We strongly suspect that some of the most performant implementations of important operations will start to be implemented to be implemented in DSLs, and with these changes it gives us the option, and a clear path if desired, to inclusion in PyTorch core.
How?
PR 176280 adds the torch/_native directory, containing general utilities to be shared across all DSL runtimes (i.e. runtime-availability and versioning), along with DSL-specific utilities, triton_utils.py and cutedsl_utils.py. These provide APIs to:
- Determine if the DSL runtime is a) installed, and b) of a reasonable version
- Register implementations when appropriate to override native ops, either for a subset of functionality, or for all cases
We are enforcing that all python native ops are registered through PyTorch’s dispatcher.

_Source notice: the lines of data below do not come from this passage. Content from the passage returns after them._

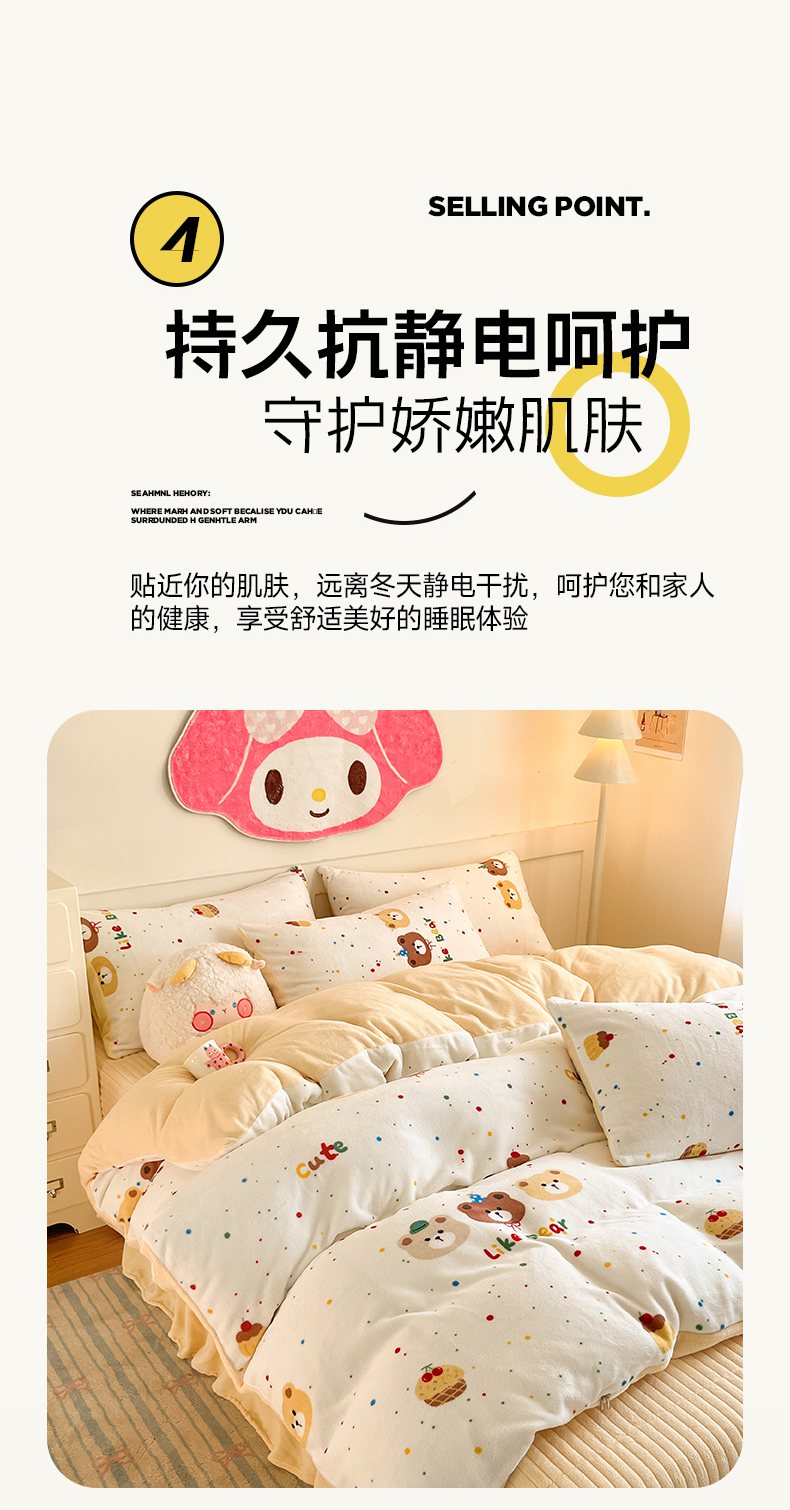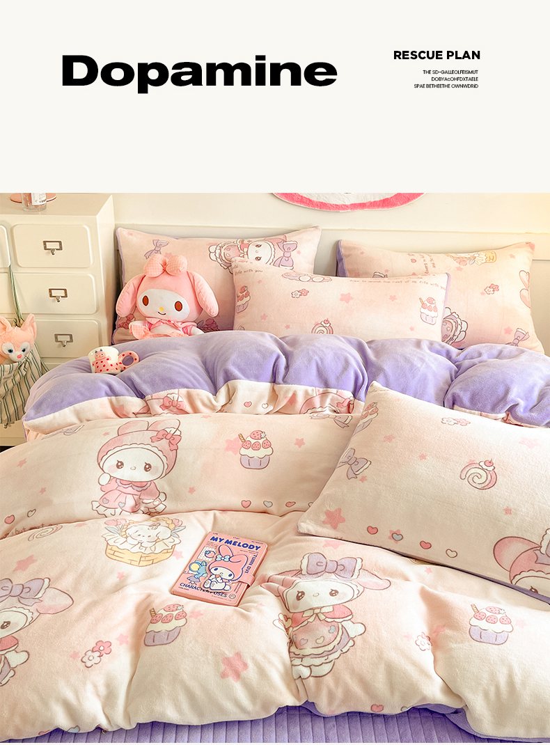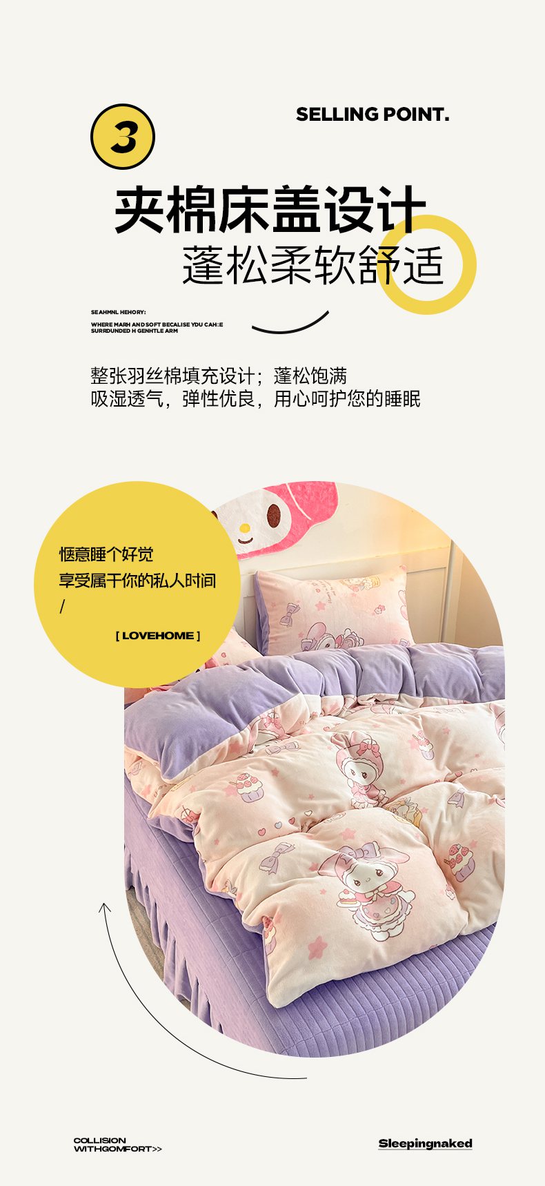 (总)摩妮卡 2025新款小清新加厚260克牛奶绒泡泡绒四件套,甜系兔兔,幽香恋曲,软萌萌小兔,洛丽兔,紫韵美乐蒂,萌兔时光,凯蒂小熊,软萌小猫,暮雅,快乐每一天,花园狗,奶蓝玉桂狗,小兔甜甜酱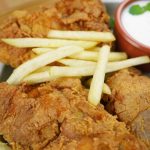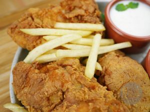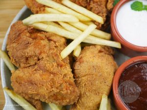Once chicken completes its marinating time, coat the chicken in flour mixture, then dip in beaten eggs and milk mixture and again coat in flour mixture. Do not keep for long and asap place in oil for frying. Fry on low-medium heat and do not turns around too much the coating may break.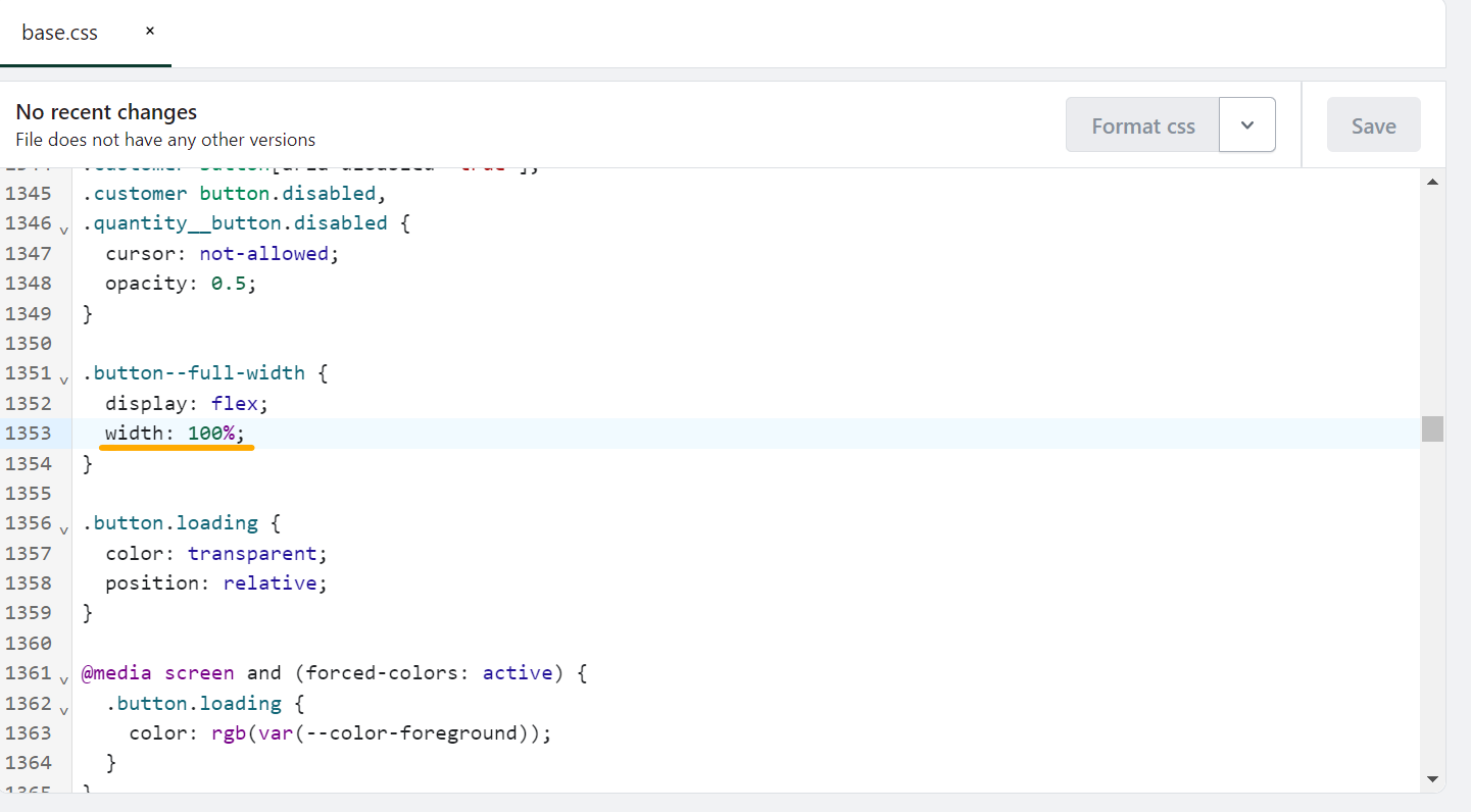 In the code editor, find the CSS file that controls the styling of the “Add to Cart” button. The file is usually named “theme.css.liquid” or “base.css” and is located under the Assets folder.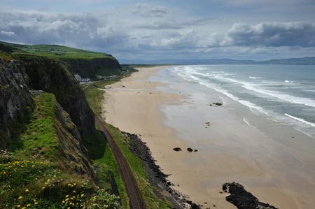Vom Strand bei Benone hat man einen herrlichen Blick zur Steilküste mit Wasserfall und Mussenden Temple. Besonders ambitionierte Autofahrer können bei Ebbe am 11 km langen Downhill Beach entlangfahren. Ein Fahrerlebnis, welches wir bisher nur von Australien kannten!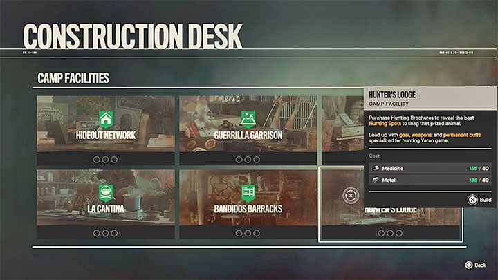 Hunter's Lodge 는 사냥을 도와드립니다. 반군 은신처(Montero Farm, Patriotas Peak 또는 Maximas Camp)에 배치할 프로젝트 중 하나로 건설 데스크에서 주문할 수 있습니다.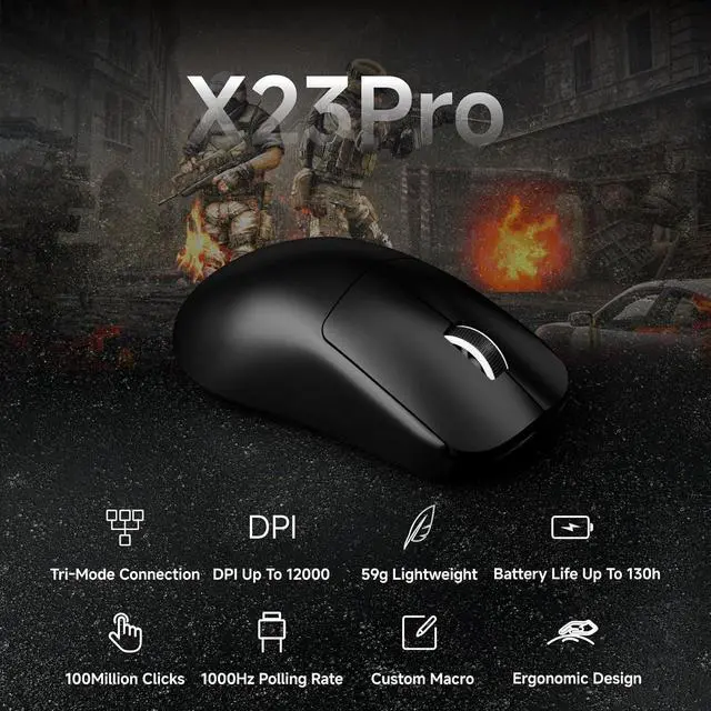Tri-Mode Connection & Wireless Gaming Mouse: The X23Pro wireless gaming mouse features three connection modes: 2.4G wireless, BT5.0 wireless, and USB-C wired connection. It can save up to 4 devices simultaneously and allows for quick switching by the bottom switch button. Suitable for both gaming and office use, it meets all your diverse needs.

This immediately means that ops are tied into all dispatch logic, notably (but not limited to!) autograd without requiring further developer intervention.
There are a few smaller restrictions, (see link), but beyond those, PyTorch is now ready for DSLs to start contributing to native operators.
Further, the torch/_native/ops directory has been created to contain all our DSL ops, and will soon fill with all the DSL-based code that’s been written, but didn’t have a path to living within core.
Further details and examples are located at torch/_native/README.md
What’s Next?
Start using it! If you’re thinking of updating or adding on to an op, you have a new way to do this if the pros are worth it to you!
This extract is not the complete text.